### TASK INSTRUCTIONS
Across the listing below, how many lines include the word "Fork"? The answer is that number, with nothing added.

### MATERIAL FOR THIS EXERCISE
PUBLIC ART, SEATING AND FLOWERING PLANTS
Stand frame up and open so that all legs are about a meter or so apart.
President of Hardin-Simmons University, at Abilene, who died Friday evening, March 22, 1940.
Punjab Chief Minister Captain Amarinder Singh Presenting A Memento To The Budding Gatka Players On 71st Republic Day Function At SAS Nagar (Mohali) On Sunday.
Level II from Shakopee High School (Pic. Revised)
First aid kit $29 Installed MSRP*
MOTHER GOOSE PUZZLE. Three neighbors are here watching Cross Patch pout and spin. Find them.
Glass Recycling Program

==

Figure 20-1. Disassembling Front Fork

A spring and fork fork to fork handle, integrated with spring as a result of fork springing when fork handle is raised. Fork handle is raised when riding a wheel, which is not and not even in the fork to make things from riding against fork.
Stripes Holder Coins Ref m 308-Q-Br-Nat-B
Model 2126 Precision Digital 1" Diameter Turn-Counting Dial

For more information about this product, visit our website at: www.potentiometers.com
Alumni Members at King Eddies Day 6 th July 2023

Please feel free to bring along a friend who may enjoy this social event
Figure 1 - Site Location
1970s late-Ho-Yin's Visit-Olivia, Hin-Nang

### TASK ANSWER
2